• _Activity_: Write out all records as given; omit images.

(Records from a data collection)
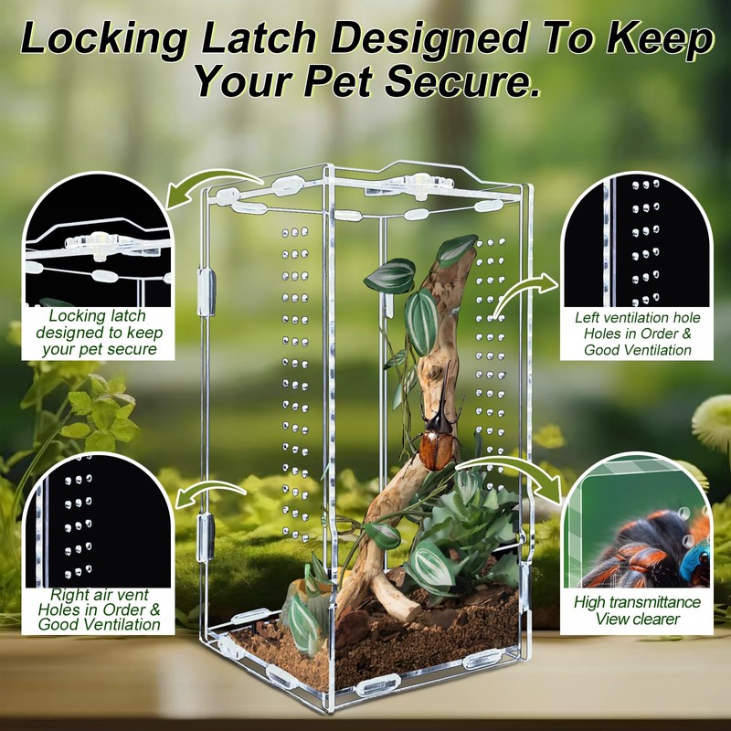 - 🐌 Versatile Application: Designed for both terrestrial and arboreal species, our acrylic terrarium caters to a diverse range of small reptiles, amphibians, spiders, and invertebrates. From insects and fish to tarantulas and hermit crabs, this enclosure is perfect for housing a variety of pets including iguanas, tortoises, leopard geckos, frogs, and bearded dragons.
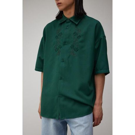 2023 Spring&Summer item ・生地の落ち感、肉感がしっかりしている素材で、綾目のつよいポリエステル素材です。・襟、胸にオリジナル刺繍をしています。・首元から胸元にかけて刺繍デザインが入っているシャツです。・トレンドの刺繍デザインシャツで、無地シャツよりも価値のある1着となっています。・サイズは2サイズで、ジャストでもゆったりでも着用していただく事が出来、気軽にトレンドスタイルを楽しめるアイテムです。
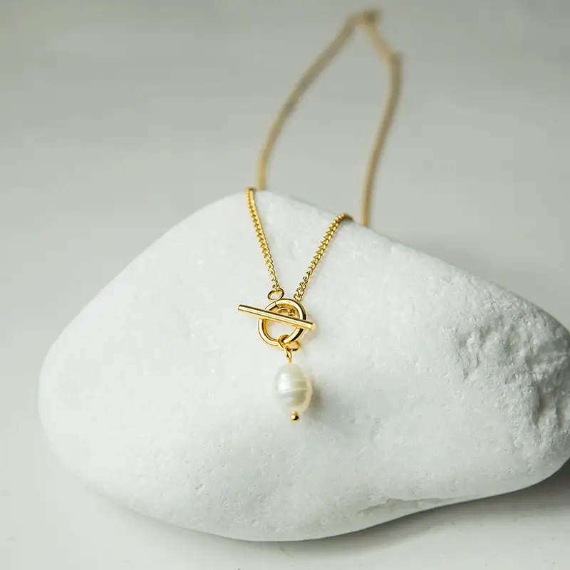 Ένα κολιέ που αποπνέει απλότητα με διακριτική θηλυκή πολυτέλεια. Ο συνδυασμός της φυσικής πέρλας με το minimal επιχρυσωμένο κούμπωμα το κάνει να ξεχωρίζει χωρίς να φωνάζει. Ιδανικό για layering, αλλά και από μόνο του, προσθέτει μία chic λεπτομέρεια στην καθημερινότητά σου — από το πρωινό σου outfit μέχρι ένα κομψό βραδινό look.
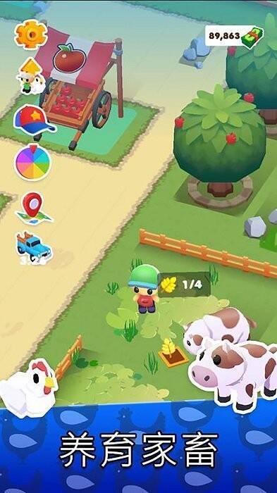 2、养殖动物:游戏中有鸡、牛、羊等多种可爱动物,玩家饲养它们可收获蛋、奶、羊毛等农产品。
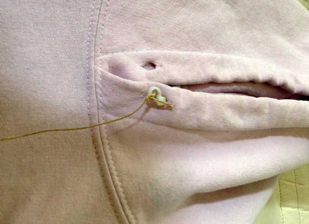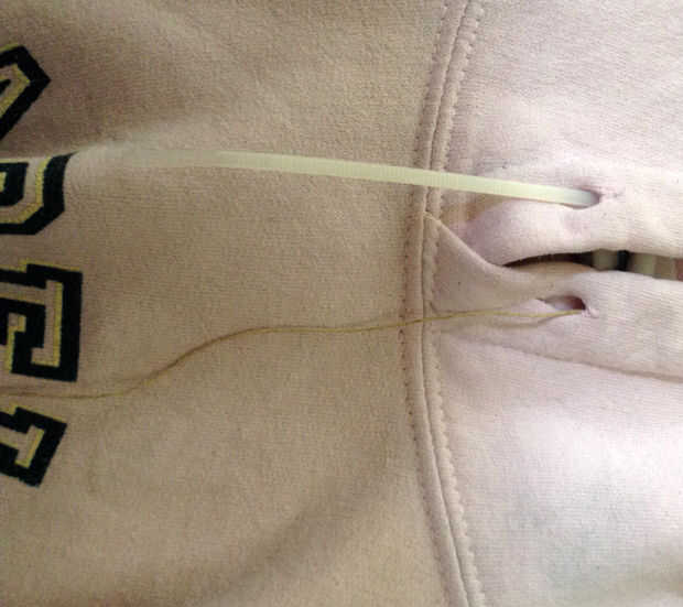 Si alguna vez has perdido el lazo en su favorito con capucha, pantalones cortos de gimnasio o pantalones de chándal, sabes que no es fácil de empujar esa cosa en allí. Aquí está una solución a volver a su sudadera con capucha con una paja y una grapa

• _Solution to this problem_:
 - 🐌 Versatile Application: Designed for both terrestrial and arboreal species, our acrylic terrarium caters to a diverse range of small reptiles, amphibians, spiders, and invertebrates. From insects and fish to tarantulas and hermit crabs, this enclosure is perfect for housing a variety of pets including iguanas, tortoises, leopard geckos, frogs, and bearded dragons.
 2023 Spring&Summer item ・生地の落ち感、肉感がしっかりしている素材で、綾目のつよいポリエステル素材です。・襟、胸にオリジナル刺繍をしています。・首元から胸元にかけて刺繍デザインが入っているシャツです。・トレンドの刺繍デザインシャツで、無地シャツよりも価値のある1着となっています。・サイズは2サイズで、ジャストでもゆったりでも着用していただく事が出来、気軽にトレンドスタイルを楽しめるアイテムです。
 Ένα κολιέ που αποπνέει απλότητα με διακριτική θηλυκή πολυτέλεια. Ο συνδυασμός της φυσικής πέρλας με το minimal επιχρυσωμένο κούμπωμα το κάνει να ξεχωρίζει χωρίς να φωνάζει. Ιδανικό για layering, αλλά και από μόνο του, προσθέτει μία chic λεπτομέρεια στην καθημερινότητά σου — από το πρωινό σου outfit μέχρι ένα κομψό βραδινό look.
 2、养殖动物:游戏中有鸡、牛、羊等多种可爱动物,玩家饲养它们可收获蛋、奶、羊毛等农产品。
 Si alguna vez has perdido el lazo en su favorito con capucha, pantalones cortos de gimnasio o pantalones de chándal, sabes que no es fácil de empujar esa cosa en allí. Aquí está una solución a volver a su sudadera con capucha con una paja y una grapa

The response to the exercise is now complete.